SD: What about the authenticity of moves? Is that something that upsets you?

PV: There's only one large promoter now, his name is Vince McMahon. World Wrestling Entertainment, his outfit is called. I knew him when he was a teenager. His father and myself, we were great friends. I saw him on late-night television, he's a billionaire, and they told him, 'Mr. McMahon, we know that you're getting rich and everything, but why is it that you put on such a violent show where kids can watch it?' He says, 'Well, don't worry about it.' He says, 'It's all staged, there's nothing true about it. We just give people what they want.'

Well, to hell with him, that's not what people want. There's a backlash, I'm thinking, that's in the works now, where they're getting a lot of heat from educators, parents, clergymen, anybody, because some outrageous things happen ...Having said that, the athletes are just as good, or probably somewhat better than we were, because they are asked to do some outrageous things.

SD: What about in your day? Were any of the moves fake? They were all real back then, right?

PV: Wrestling was a hard job. We never tried to kill anybody. We tried to beat one another, but we tried to take care of one another in this way that... the other guy that you were wrestling, he was trying to make a living just like you.

SD: And this backlash -- do you think that can change wrestling? Do you think there's a brighter future?

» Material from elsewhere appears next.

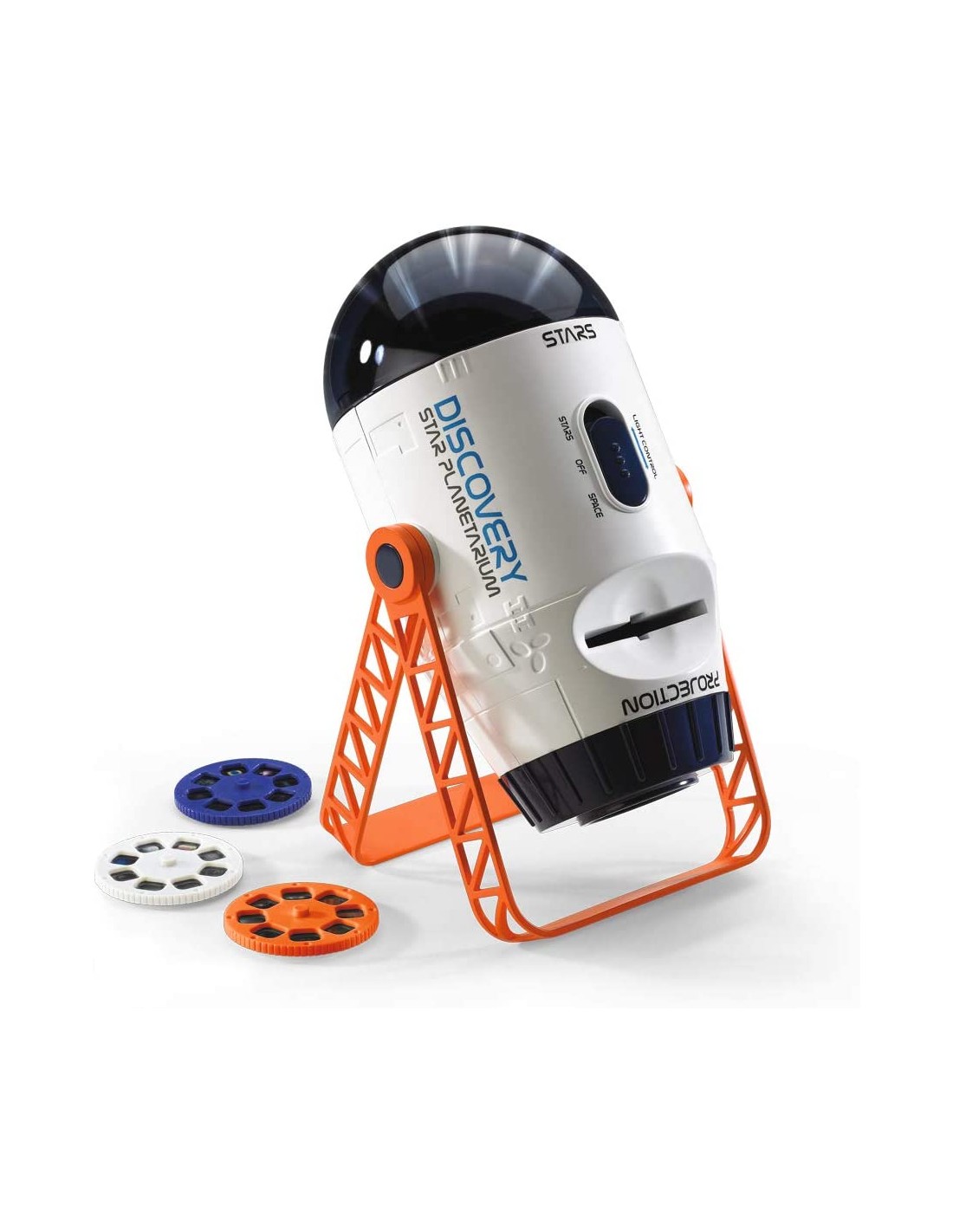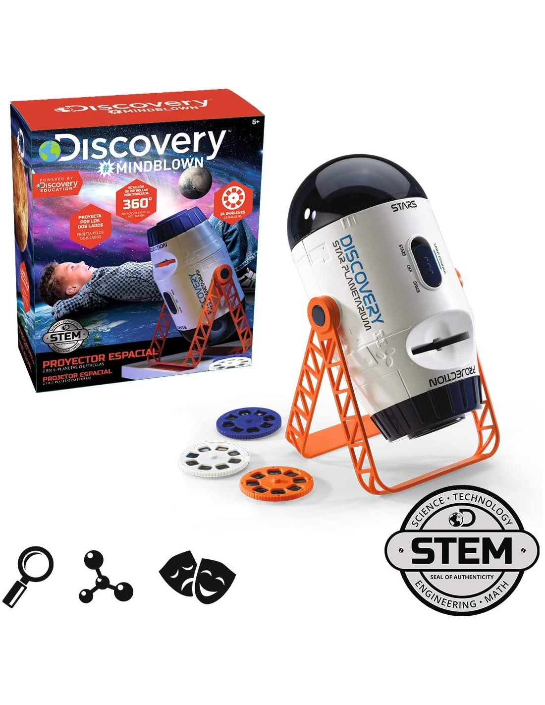 Lampara proyector que proyecta por un lado, estrellas que rotan lentamente. Por el otro lado, proyecta imágenes de planetas, constelaciones y galaxias.

PV: It can, but it's not likely to, unless somebody sets out to do it ...I sort of have a plan in my head that wrestling could be turned around, but it would be really expensive nowadays. But I think you would have people greet you with open arms if you gave them an alternative to what the kids are watching now. McMahon tries to tell us it's a way of life now and that's not true. It's only that way because he does it that way, and he didn't have to do that, because people will love wrestling forever and ever.